It is understood that the order or hierarchy specific to the stages in the processes described is an illustration of exemplary procedures. Based on the design preferences, it is understood that the order or hierarchy specific to the stages in the processes can be organized again. Some of the stages can be carried out simultaneously. The accompanying claims of the method present elements of the various stages in an exemplary order and are not intended to be limited to the specific order or hierarchy presented.

The terms such as "superior," "inferior," "frontal," "posterior," and the like, as used in this discussion, should be understood as referring to an arbitrary frame of reference, rather than to the ordinary gravitational frame of reference. Thus, a top surface, a bottom surface, a front surface and a back surface can extend upwards, downwards, diagonally or horizontally in a gravitational reference frame.

A phrase such as an "aspect" does not imply that such an aspect is essential to the technology in question or that such an aspect applies to all configurations of the technology in question. An exposure that refers to one aspect can be applied to all configurations or to one or more configurations. A phrase such as an aspect can refer to one or more aspects and vice versa. A phrase such as a "modality" does not imply that such modality is essential for the technology in question or that such modality is applied to all configurations of the technology in question. An exhibition that refers to a modality can be applied to all modalities or to one or more modalities. A phrase such as a modality may refer to one or more modalities and vice versa.

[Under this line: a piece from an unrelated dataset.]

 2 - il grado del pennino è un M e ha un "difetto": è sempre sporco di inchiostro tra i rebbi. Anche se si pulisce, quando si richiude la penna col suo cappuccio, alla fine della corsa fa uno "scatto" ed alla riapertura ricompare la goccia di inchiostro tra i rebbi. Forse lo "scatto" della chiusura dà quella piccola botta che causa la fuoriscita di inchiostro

The word "exemplary" is used in the present to mean that it "serves as an example or illustration." Any aspect or design described herein as "exemplary" shall not necessarily be construed as preferred or convenient over other appearances or designs.

All structural and functional equivalents of the elements of the various aspects described through this disclosure that are known or will be known later by persons of ordinary skill in the art are expressly incorporated herein by reference and are proposed to be encompassed by The claims. Furthermore, nothing described herein is proposed to be directed to the public, without considering whether such an exposition is explicitly cited in the claims.

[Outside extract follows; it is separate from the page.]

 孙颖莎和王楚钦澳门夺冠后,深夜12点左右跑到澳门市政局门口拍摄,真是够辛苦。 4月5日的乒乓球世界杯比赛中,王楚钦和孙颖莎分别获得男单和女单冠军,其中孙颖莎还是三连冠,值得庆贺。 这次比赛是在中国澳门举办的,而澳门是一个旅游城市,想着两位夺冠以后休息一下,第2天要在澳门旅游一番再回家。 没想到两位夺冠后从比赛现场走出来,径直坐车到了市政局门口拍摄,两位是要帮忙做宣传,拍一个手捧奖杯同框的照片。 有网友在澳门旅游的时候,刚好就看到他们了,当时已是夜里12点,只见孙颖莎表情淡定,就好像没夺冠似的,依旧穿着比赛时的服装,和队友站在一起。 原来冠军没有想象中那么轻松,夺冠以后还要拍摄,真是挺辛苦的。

No element of the claims will be construed under the provisions of 35 U.S.C. § 112, sixth paragraph, unless the element is expressly cited using the phrase "should be understood as" or in the case of a claim to the method, the element is cited using the phrase "stage for." Further, insofar as the term "includes," "has" or the like is used in the description or claims, it is proposed that such a term be inclusive in a manner similar to the term "comprises", as interpreted "comprises" "when it is used as a transition word in a claim.

All elements, parts and steps described herein are preferably included. It should be understood that any of these elements, parts and steps may be replaced by other elements, parts and steps or removed together as will be obvious to those skilled in the art.

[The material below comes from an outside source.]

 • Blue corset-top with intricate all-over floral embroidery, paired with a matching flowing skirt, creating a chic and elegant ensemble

The person skilled in the art will understand that the method steps mentioned in this disclosure may be performed by hardware (physical equipment) including but not limited to processors; input devices comprising at least keyboards, mice, scanners, cameras; output devices that comprise at least monitors, printers. The steps of the method are to be carried out with the appropriate devices as necessary. For example, a decision stage can be carried out by a unit of decision making in a processor, when implementing a decision algorithm. The person skilled in the art will understand that this decision-making unit can exist physically or effectively, for example in a computer processor, when the aforementioned decision algorithm is performed. The above analysis should be applied to other stages described herein.

Broadly, this document describes at least the following: a method to control a respirator that includes the steps of providing a. a patient a ventilator control interface by the patient through which the patient controls at least one ventilator control parameter and configure a processor to control the ventilator in response to the ventilator control interface by the patient, in such a manner that the patient controls the at least one control parameter of the respirator, according to pre-established limits of the changes in the at least one control parameter.

CONCEPTS This document has described at least the following concepts: Concept 1. A method for controlling a respirator, the method comprising the steps of: providing a patient with a control interface for the patient, through which the patient controls at least one control parameter of a respirator; and configuring a processor for controlling the respirator in response to the control interface by the patient, such that the patient controls the at least one ventilator control parameter in accordance with pre-established limits of changes in the at least one control parameter.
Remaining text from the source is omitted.